This is a maximum, not a design target. The standard's technical appendix notes that for students with hearing impairment, English as a second language, or learning difficulties, the recommended upper limit is 0.4s — not 0.6s. For general classroom design, targeting 0.5s provides a comfortable margin below the compliance threshold.
DIN 18041:2016 Group A1 (spaces for listening and understanding speech, high requirement) provides a volume-dependent target curve. At 200 m³, the target is T_soll = 0.50s with a tolerance of ±0.1s. At 500 m³, the target is 0.60s ±0.1s. The standard explicitly states that T60 values greater than 1.2 × T_soll shall not be accepted for Group A rooms.
BB93:2015 (UK) aligns with DIN 18041 for most room types and adds a background noise level requirement (35 dBA for primary classrooms) that must be met simultaneously with the RT60 target.
The consequence of over-treating a classroom: Target 0.4s instead of 0.6s in a 200 m³ classroom, and you need roughly 40% more absorptive surface area. In a 10 m × 8 m × 2.7 m room, that is approximately 30 additional square metres of NRC 0.85 treatment — at £60–120/m² installed, that is £1,800–3,600 wasted. The room will also sound over-damped: dead, unsupportive, and fatiguing for both teacher and students.
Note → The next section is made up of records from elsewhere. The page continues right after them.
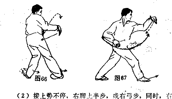臂折回由右向前滚肘,左勾手变侧掌,,贴于右前臂内侧,目 视右肘前(如图68)。 1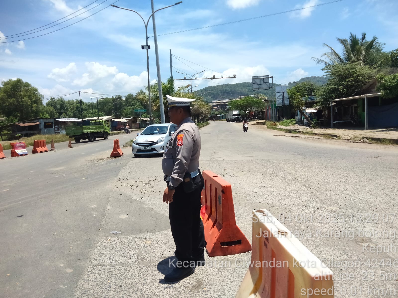 Cilegon - Pada Weekend kali ini Personil Unit Lantas Polsek Ciwandan Polres Cilegon Polda Banten melaksanakan pengaturan lalu lintas di Simpang JLS tepatnya di Pertigaan depan PT. Semen Indonesia Demi Kelancaran Arus Lalu-lintas Wisata, Sabtu (04/10/2025).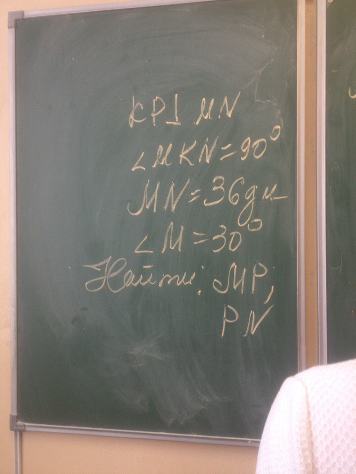 Т. к. <М=30,то МК=1/2МN=36/2=18. По теореме о перпендикуляре опушенном из вершины прямого угла NP=NK^2/MN=18*18/36=9. тогда РМ=36-9=27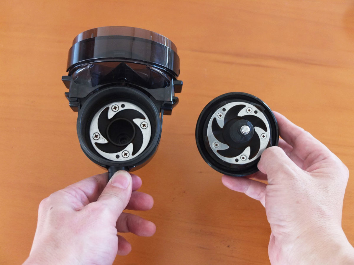 ただし、気になったのが、ミルを外してみるとかなり大量のコーヒー粉が残っていたこと。ミル内を長く掃除しなかったり、6杯ぶんなど大量に挽くと、内部に思いのほか大量のコーヒーの細粉や挽き残しが入っていてビックリ。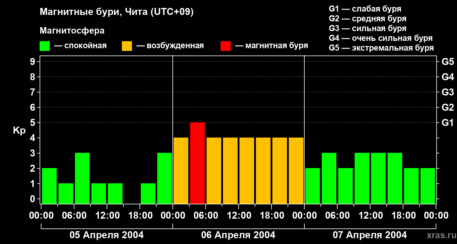Изменения геомагнитного индекса Kp с 5 по 7 апреля 2004 года для средних широт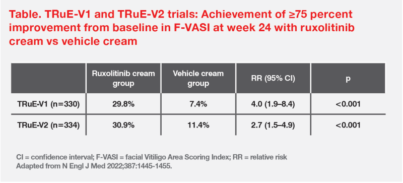 Two phase III, randomized controlled trials of ruxolitinib cream (TRuE-V1 [n=330] and TRuE-V2 [n=334]) in patients ≥12 years of age with nonsegmental vitiligo confirmed the results of the phase II study. In TRuE-V1, a significantly higher proportion of patients in the ruxolitinib monotherapy vs vehicle cream group achieved ≥75 percent improvement from baseline in F-VASI at week 24 (29.8 vs 7.4 percent; relative risk [RR], 4.0; 95 percent CI, 1.9–8.4; p<0.001) vs the vehicle cream group. Similar findings were reported in TRuE-V2 (30.9 vs 11.4 percent; RR, 2.7; 95 percent CI, 1.5–4.9; p<0.001). (Table) [N Engl J Med 2022;387:1445-1455]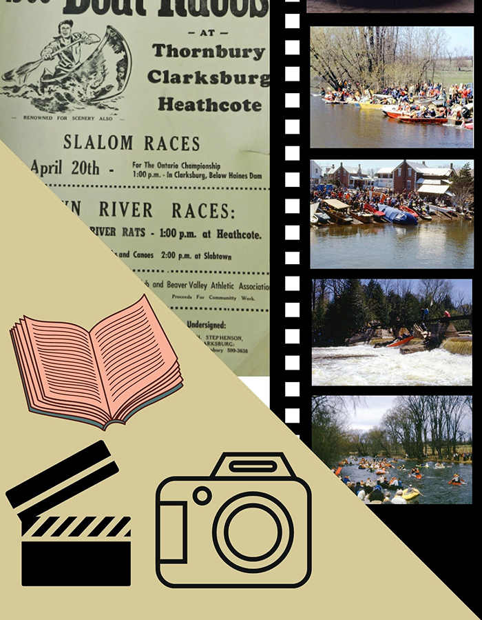 This is a collection of digitized photographs, souvenirs, etc. of the Beaver River Rat Race - an annual event that took place along the Beaver River between Heathcote and Clarksburg from the late 50s to the early 80s. Home-made “vessels” were launched in April to battle the spring thaw. Competitors built their “vessels” from a wide range of materials and in a variety of entertaining styles. Crowds would gather along the shores of Heathcote and Slabtown to watch the floating creations take on the river bends, dips, and currents. Over time the risks became too much, and the races stopped. Yet many memories were made, and stories cherished of a “different time”.
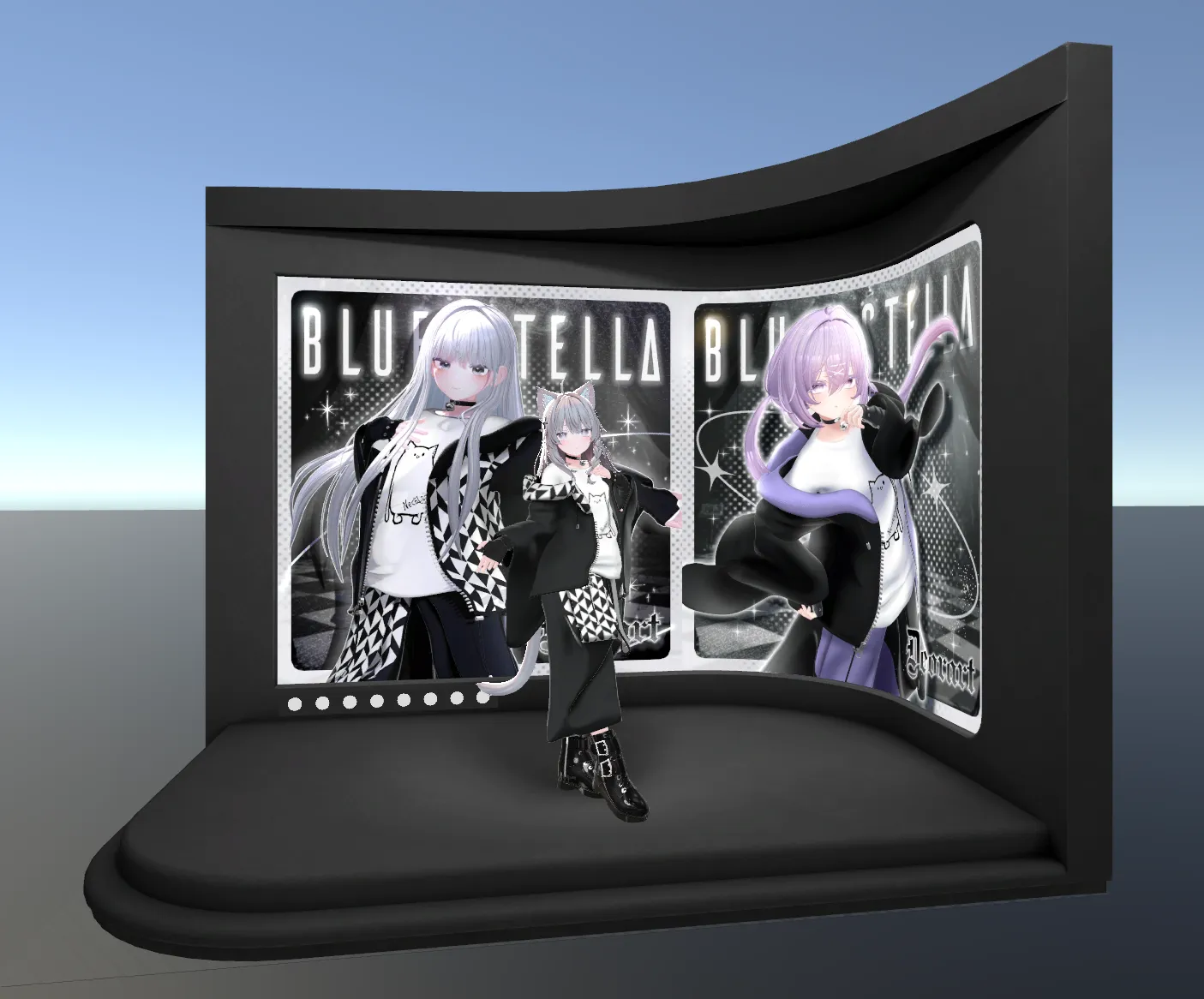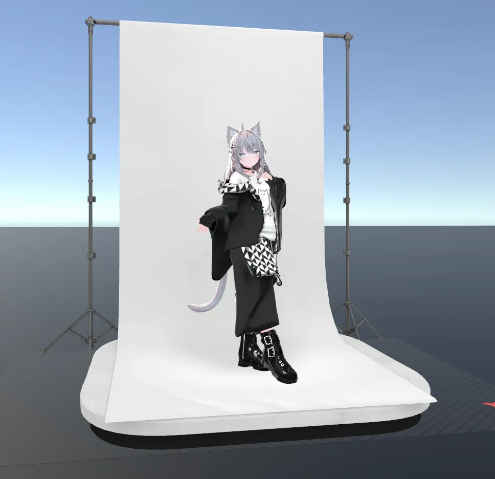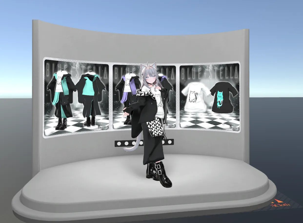 衣装モデルだけでなく、展示ブースや背景モデルも同時に表示できます。詳細は入稿データ仕様をご確認ください。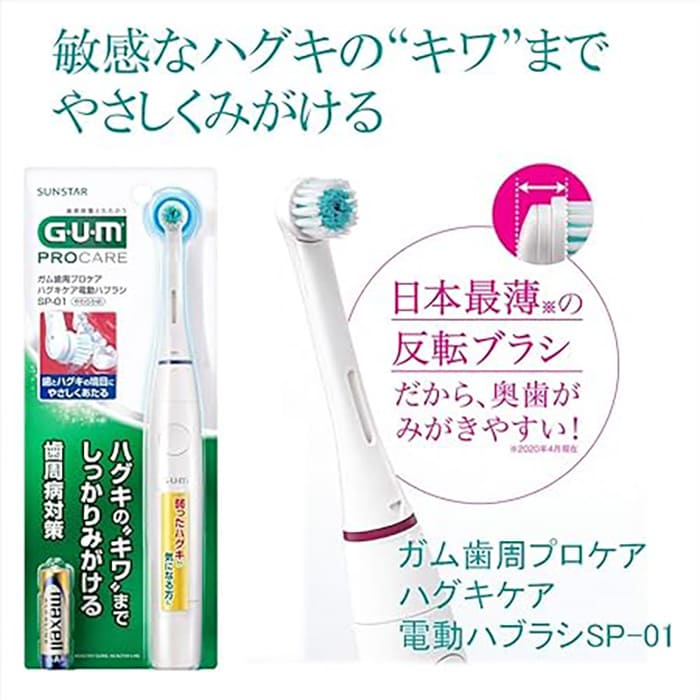 GUM歯周プロケアハグキケア電動ハブラシ SP-01は、歯茎の健康を特に重視して設計された電動歯ブラシです。高速振動と特別設計のブラシヘッドにより、歯と歯茎の間にたまった歯垢を効果的に除去します。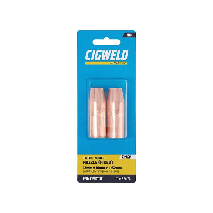 - CIGWELD TWECO 1 SERIES NOZZLE (FIXED) 13MM X 18MM X L:52MM 2PK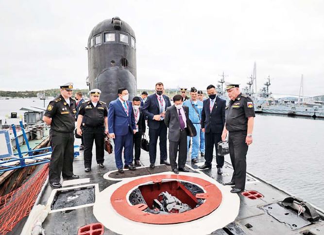 ဒုတိယမြောက် ဆက်လက်လေ့လာသည်က အရှေ့ဖျားရေငုပ်သင်္ဘောဌာနချုပ် Pacific Fleet Headquarters ဖြစ်ပြီး Deputy Commander of Pacific Navy Fleet ဖြစ်သူ Rear-Admiral Vladimir ASTAKHOV နှင့် တာဝန်ရှိသူများက ကြိုဆိုသည်။ ထို့နောက် ရေငုပ်သင်္ဘောဌာနချုပ် အတွင်းတွင်ရှိသည့် ရေငုပ်သင်္ဘောများပြုပြင် ထိန်းသိမ်းရေးဆောင်ရွက်မှု၊ ကမ်းကပ်ရေငုပ် သင်္ဘောများ၏အုပ်ချုပ် ထောက်ပံ့ရေးလုပ်ငန်းများ ဆောင်ရွက်ပေးနေမှုတို့ကို လိုက်လံရှင်းလင်းပြသ သည့် အင်အားတောင့်တင်းသည့် ရေတပ်ပီပီ ရေငုပ် သင်္ဘောများကမနည်းလှ။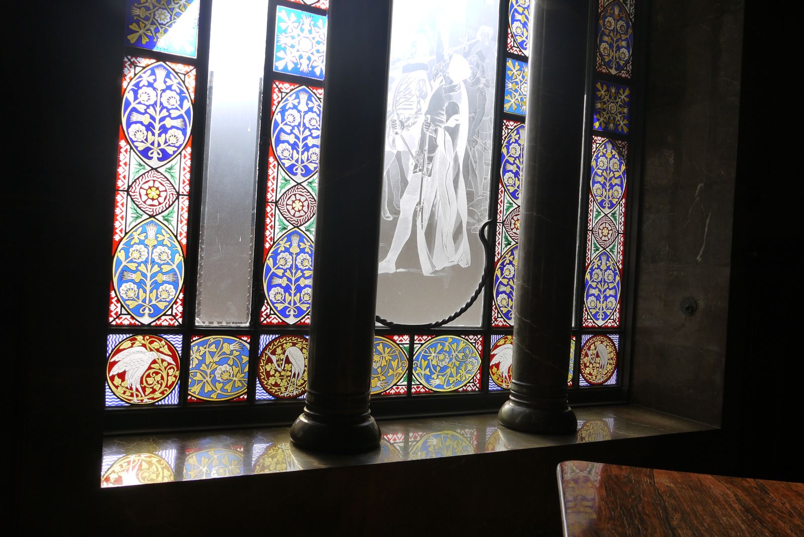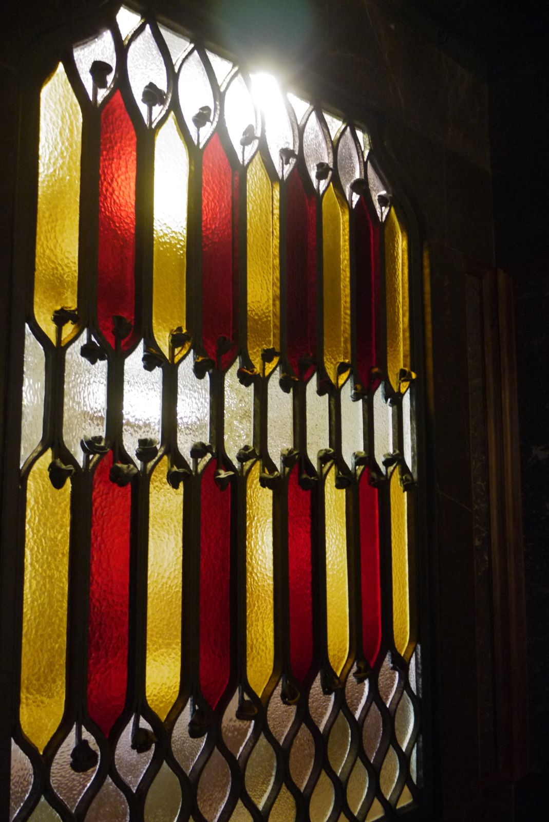 Gaudí sempre fidel al trencadís. Per tancar aquestes finestres aquí el va utilitzar fent servir trossos de vidre.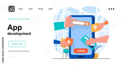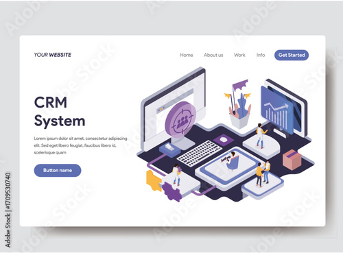 Social media automation vector website template, web page and landing page design for website and mobile site development. Marketing automation concept.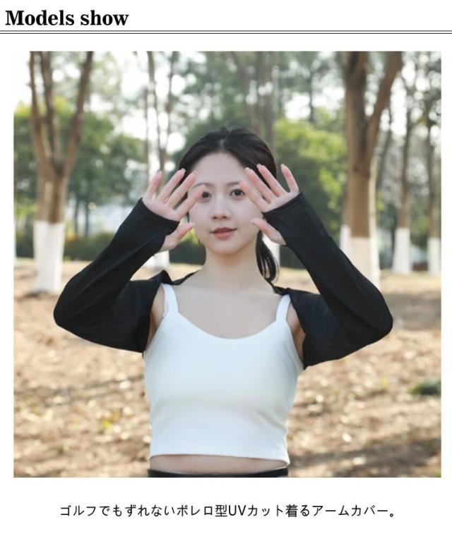 | 2枚セット!【UVカット・冷感】【全7色】 ゴルフでもずれないボレロ型UVカット着るアームカバー。 羽織タイプのアームカバーとして紫外線から腕全体はもちろん肩までしっかりカバー♪ ストール代わりとしても使えこなせる。指穴付きで手の甲も日焼け対策可能です。 接触冷感素材でサラッとした肌触りが心地良い、長袖を着込むより涼しく、脱ぎ着の調節も楽々♪ Tシャツ、ポロシャツの上からボレロ風に着用できます。 伸縮性抜群でズレ落ちるストレスからの解放! コンパクトサイズですのでバッグに入れても邪魔にならない。 軽くて通気性が良く、優れた吸湿性で常に肌をドライに保ってくれる♪ 室内の冷房が気になる時の防寒アイテムとしても活躍します。 ゴルフ、ガーデニング、サイクリング、ウォーキング、釣り、スポーツ観戦、登山、アウトドアなどの幅広く活用! | |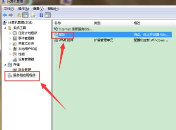 3.第三步,在下图所示的管理页面中,点击页面左侧的服务和应用程序选项,接着打开箭头所指的服务选项。

Concert Halls: 1.8s Is Not Enough for Brahms
ISO 3382-1:2009 defines the parameters for performance spaces and provides guidance on appropriate ranges. Table A.1 of the standard notes the following mid-frequency RT60 ranges for different music types:
| Music Type | Preferred RT60 Range |
|---|---|
| Opera | 1.2–1.5s |
| Chamber music | 1.4–1.7s |
| Symphony orchestra | 1.7–2.1s |
| Romantic symphony (Brahms, Wagner) | 2.0–2.2s |
| Pipe organ / choral | 2.0–3.5s |
These figures come from extensive subjective preference studies. Beranek's 1962 landmark study of 54 concert halls found that the halls consistently rated as excellent by audiences had occupied mid-frequency RT60 values between 1.8 and 2.05s. The critically-acclaimed halls — Amsterdam Concertgebouw (2.0s occupied), Vienna Musikverein (2.05s), Boston Symphony Hall (1.85s) — fall in this range.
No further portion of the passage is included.